Robins solar diverter mk2pvrouter with Fronius - BYD battery setup

Had 8266 D1 mini on the brain. Probably because there’s one sitting on my keyboard. :wink:

At any rate, the “32” suffers from a non-linearity issue.

That said, here’s some info on how at least one user has addressed it.
He says he gets ~1% accuracy. YMMV.

That says: “by using a polynomial the output can be made accurate” How much additional load does that impose on the processor? and can it still do what is needed in the time available?

Bear in mind the ESP32 runs much faster than the 328p.
Typically 160 MHz. Max speed is 240 MHz.

I don’t know how much additional load the polynomial is. I didn’t see any info WRT it.

Another method mentioned was a lookup table. Didn’t see anything more than the mention of it though.

I take it this number is the clock. What we need to know is the ADC sample rate. I’ve never managed to track down a credible figure for anything from Espessif.

From what I can see of it, the Espressif devices I’ve seen mentioned here are excellent for the things they are intended for, it’s just that energy monitoring isn’t one of them.
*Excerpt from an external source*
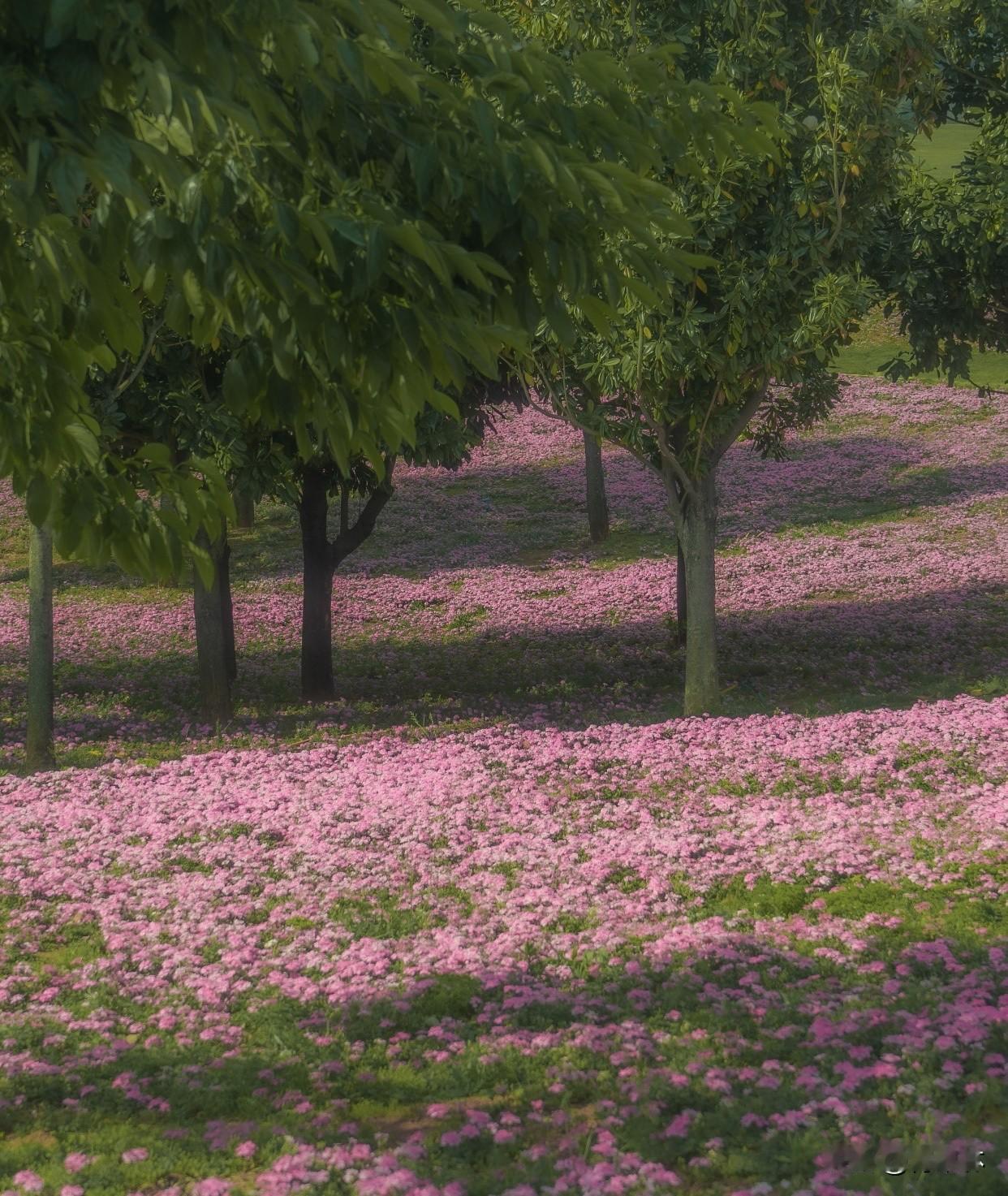 爬山的路上被这片粉色花海吸引了,阳光透过树叶洒下来,斑驳的光影落在花丛里,像给粉色地毯镶了金边,风一吹,小花们轻轻摇晃,仿佛在跟我打招呼。树干笔直站成排,像守护花海的卫士。远处山影朦胧,近处花团锦簇,随便一拍都是壁纸级美景!春天真懂浪漫,把温柔全铺在这片坡地上啦!分享你随手拍的花 春天的美丽花海

I’ve seen exactly that and no more. Are you expected to measure the input characteristic and write your own - 4096 lines of lookup table? There’s little doubt it would be faster than calculating polynomials, but even if you can assume the main body is linear and so can be calculated, I wouldn’t fancy typing a few hundred values for the part where it goes badly wrong.

This Page Not Found - ESP32 - — ESP-IDF Programming Guide latest documentation mentions “Characterization based on Two Point values and fitting curve coefficients stored in eFuse” but I don’t think this is related at all to the lookup table.
This ESP32 Analog Input with Arduino IDE | Random Nerd Tutorials) makes reference to the linearity problem, but nothing more.
More likewise at https://www.esp32.com/viewtopic.php?t=1045

I recall one of the authors mentioning
The ESP32 ADC has two non-linear regions, one just below ~0.5v and the other just above ~2.5v,

The polynomial calculation is several floating point math operations, so likely eats more than just a little CPU time. Viz:

double ReadVoltage(byte pin){
  double reading = analogRead(pin); // Reference voltage is 3v3 so maximum reading is 3v3 = 4095 in range 0 to 4095
  if(reading < 1 || reading > 4095) return 0;
  // return -0.000000000009824 * pow(reading,3) + 0.000000016557283 * pow(reading,2) + 0.000854596860691 * reading + 0.065440348345433;
  return -0.000000000000016 * pow(reading,4) + 0.000000000118171 * pow(reading,3)- 0.000000301211691 * pow(reading,2)+ 0.001109019271794 * reading + 0.034143524634089;

Another user says he did some tests on the 32’s ADC speed and came up with this: (~27 ksps)

Also on that page:

In the Espressif datasheet, (topic 4.1.2), the ADC characteristics shows the following maximum sampling rates.

Description Sampling rate (max)
RTC controller 200 ksps
DIG controller 2 Msps

First question: what is a DIG controller and why has the RTC/DIG controller impact on the sampling speed? Assuming the numbers in the datasheet are valid, the measured speed differ massively from this rates. The implementation of adc1_get_raw is quite complex and does a lot of hardware initialization/locking around adc_convert().

So, the hardware might be capable to provide the claimed speeds but definitely not when using Espressif’s IDF as described in their documentation.